En réaction à la crise mondiale en cours, plusieurs pays ont étendu le recours au télétravail. Les Philippines et le Pakistan ont instauré une semaine de quatre jours pour les fonctionnaires, tandis que le Sri Lanka a fermé les bureaux de l’administration le mercredi.

La RDP lao, la Thaïlande et le Vietnam promeuvent activement le travail à domicile. Des mesures similaires avaient été mises en place dans toute l’Europe lors de la crise énergétique de 2022-2023, lorsque les gouvernements avaient aussi appelé les salariés à rester chez eux pour réduire la demande de pétrole.

Les réserves stratégiques de pétrole ne suffiront pas

Malgré la mise sur le marché de réserves d’urgence totalisant 400 millions de barils, les responsables avertissent que le monde ne peut pas compter uniquement sur l’offre pour stabiliser les marchés. Dans un contexte de grande volatilité et d’incertitude, l’AIE prévient clairement que le monde ne pourra pas se sortir de ce choc pétrolier en produisant toujours plus : il doit s’adapter à une consommation plus faible.

Il s’agit de la sixième fois que les pays membres de l’AIE coordonnent une action d’urgence pour stabiliser les marchés pétroliers depuis la création de l’agence en 1974. Des interventions collectives similaires ont eu lieu en 1991, 2005, 2011 et à deux reprises en 2022.

La crise actuelle, souligne l’agence, dépasse largement le seul pétrole et inclut des perturbations des flux de gaz naturel, avec des répercussions sur la sécurité d’approvisionnement en électricité et sur les prix.

Johannes Rauball, analyste senior du brut au sein de la société d’intelligence de marché Kpler, estime que si Ormuz reste fermé deux mois de plus, les risques sur l’offre « augmenteront fortement ».

« Les derniers barils moyen-orientaux à destination de l’Europe arrivent encore, si bien que l’impact immédiat de la baisse des flux en provenance du Moyen-Orient ne s’est pas encore pleinement matérialisé », a déclaré Rauball à Euronews.

Ces coûts élevés pourraient placer les raffineurs européens sous très forte pression dans le pire des scénarios, a-t-il ajouté, entraînant probablement une destruction de la demande et des réductions forcées des cadences de raffinage, les matières premières devenant prohibitivement chères.

« La crise actuelle est en passe de devenir la plus grande perturbation de l’offre de brut de l’histoire du marché pétrolier mondial.
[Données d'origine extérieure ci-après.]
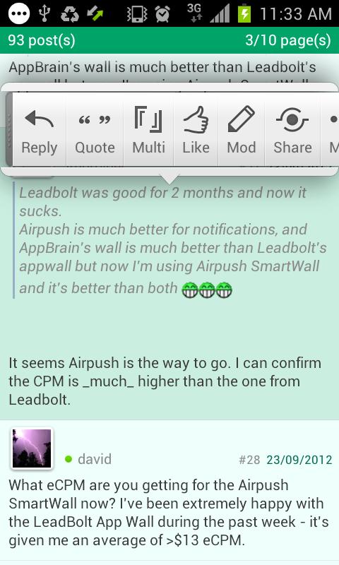 A wealth of information is available about all the major ad networks including AdMob, LeadBolt, Tapjoy and Airpush. Share your income stats with other developers, and see real-life performance figures.

La perte potentielle d’environ 10 millions de barils par jour de brut et de condensats en provenance du Moyen-Orient, soit près de 10 % de la consommation mondiale, constitue un choc brutal à court terme », a encore estimé Rauball.
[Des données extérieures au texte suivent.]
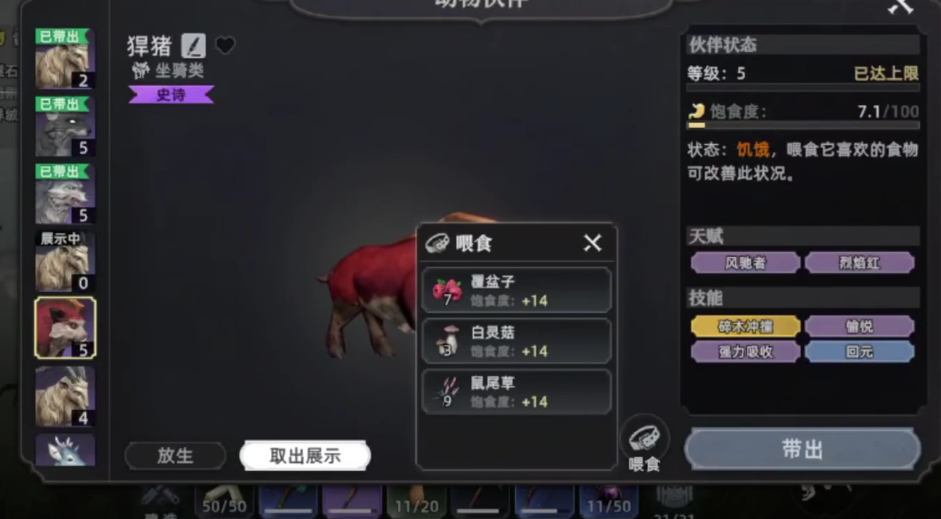 在游戏之中,如果玩家想要使用动物作为自己的采集伙伴,必须要及时喂食食物,其中包含有覆盆子,白灵菇等等草料。

Au-delà de la seule demande de pétrole

L’AIE a également mis en garde contre la hausse des coûts de l’énergie, qui risque de frapper d’abord les ménages les plus pauvres, appelant les gouvernements à mettre en place des aides financières ciblées pour amortir le choc.
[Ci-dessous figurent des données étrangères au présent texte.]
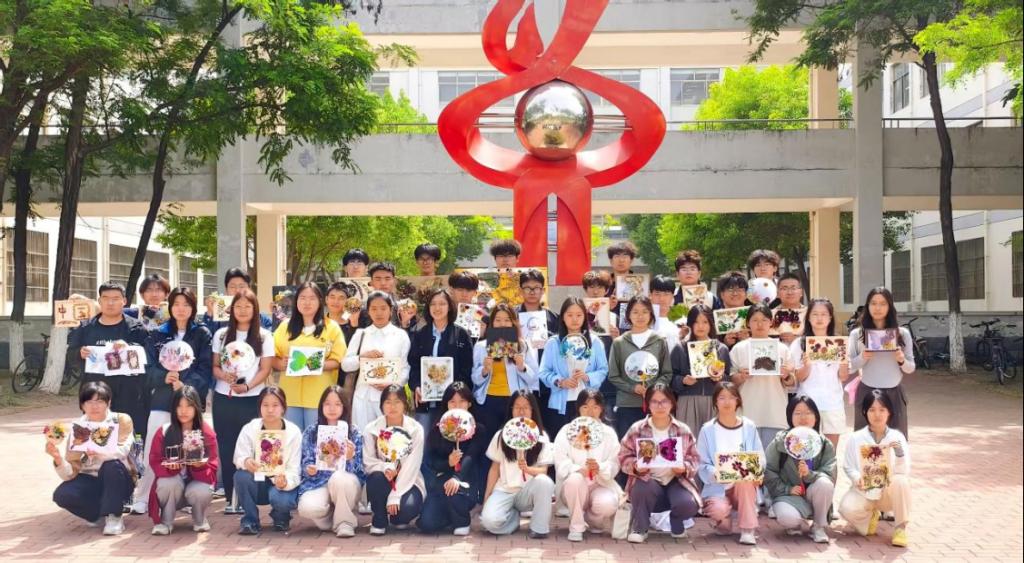 活动现场,参赛者巧用花朵、树叶等植物材料,创作出60余件作品。植物拓染区,素白棉布平铺于操作台,参赛者手持木槌轻敲新鲜叶片,叶脉纹理随植物汁液自然渗透,形成独具匠心的天然纹样;干花创意区,风干玫瑰、蕨类等材料经巧妙拼贴,化作古风团扇、木质相框上的诗意装饰;植物书签区,将叶片与干花定格于透明薄膜中,制成兼具实用与观赏性的书香伴侣。特设的作品展示区吸引超200人次参观,成为校园“打卡点”。许多同学表示,通过亲手制作植物手作,既感受到传统工艺的魅力,也深化了对自然美学的理解。

Dans l’Union européenne, les dirigeants se sont réunis jeudi lors d’un sommet clé pour discuter de mesures à court terme destinées à alléger la facture d’électricité des consommateurs, qu’il s’agisse des taxes nationales, des tarifs de réseau ou du coût du carbone.

La présidente de la Commission européenne, Ursula von der Leyen, a reconnu que la guerre contre l’Iran a un « impact immédiat » sur l’énergie.

Jusqu’ici, les dirigeants européens répétaient que l’UE à 27 faisait surtout face à une crise des prix de l’énergie. Mais pour la première fois jeudi, von der Leyen a déclaré devant la presse, sans plus de précisions, que la crise actuelle « pose des questions sur les risques d’approvisionnement futurs », avant d’ajouter : « nous devons agir ».